# Information provided
-*-*-
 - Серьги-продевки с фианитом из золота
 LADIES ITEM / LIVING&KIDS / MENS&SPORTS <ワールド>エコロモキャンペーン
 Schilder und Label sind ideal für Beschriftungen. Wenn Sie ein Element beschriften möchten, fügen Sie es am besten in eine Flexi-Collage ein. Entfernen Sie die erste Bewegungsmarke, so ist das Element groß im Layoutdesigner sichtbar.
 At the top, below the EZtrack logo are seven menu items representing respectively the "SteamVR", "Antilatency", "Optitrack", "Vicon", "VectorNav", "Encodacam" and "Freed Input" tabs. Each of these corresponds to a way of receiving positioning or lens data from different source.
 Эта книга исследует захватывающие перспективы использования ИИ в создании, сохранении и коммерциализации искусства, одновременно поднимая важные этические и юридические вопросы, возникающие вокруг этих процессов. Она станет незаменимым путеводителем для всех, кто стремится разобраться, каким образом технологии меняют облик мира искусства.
-*-*-
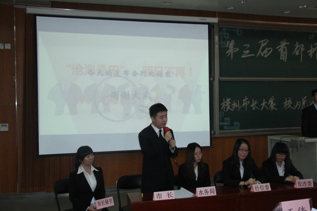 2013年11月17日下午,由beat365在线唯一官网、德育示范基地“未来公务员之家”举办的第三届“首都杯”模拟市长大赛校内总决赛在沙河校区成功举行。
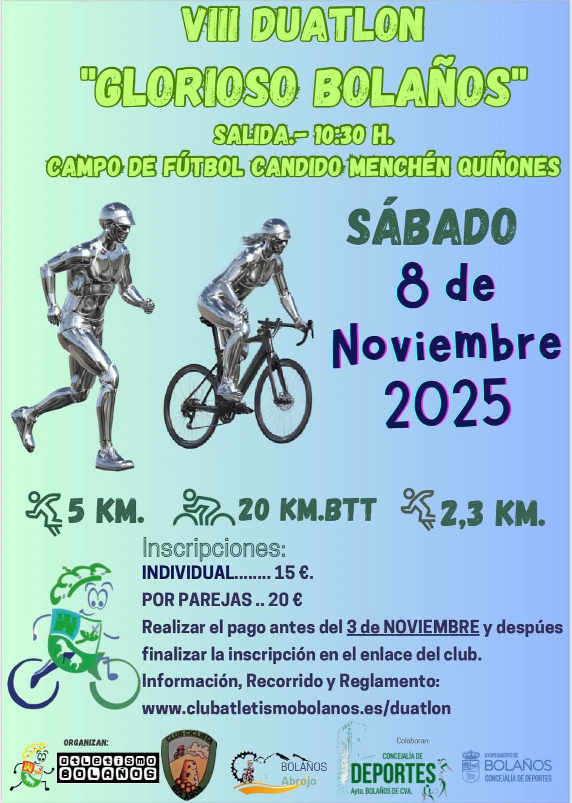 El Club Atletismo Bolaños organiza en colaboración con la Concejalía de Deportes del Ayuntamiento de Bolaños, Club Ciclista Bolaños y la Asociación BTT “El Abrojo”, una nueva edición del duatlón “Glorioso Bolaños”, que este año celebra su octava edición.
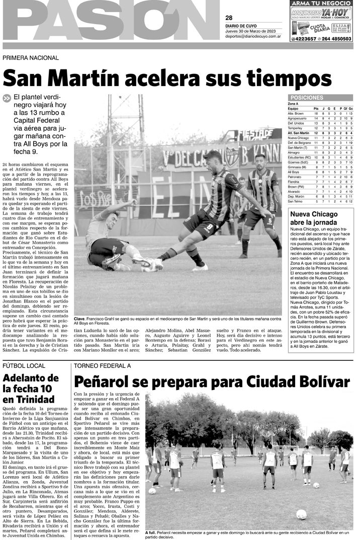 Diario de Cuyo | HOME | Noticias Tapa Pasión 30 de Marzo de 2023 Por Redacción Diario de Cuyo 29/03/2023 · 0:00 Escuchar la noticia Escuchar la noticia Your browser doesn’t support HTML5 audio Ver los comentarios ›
-*-*-
# Aim of the task
All that belongs in the answer is the run of lines above from the line containing "LADIES ITEM /" through the line containing "Schilder und Label", exactly as written.

# Solution to this task
 LADIES ITEM / LIVING&KIDS / MENS&SPORTS <ワールド>エコロモキャンペーン
 Schilder und Label sind ideal für Beschriftungen. Wenn Sie ein Element beschriften möchten, fügen Sie es am besten in eine Flexi-Collage ein. Entfernen Sie die erste Bewegungsmarke, so ist das Element groß im Layoutdesigner sichtbar.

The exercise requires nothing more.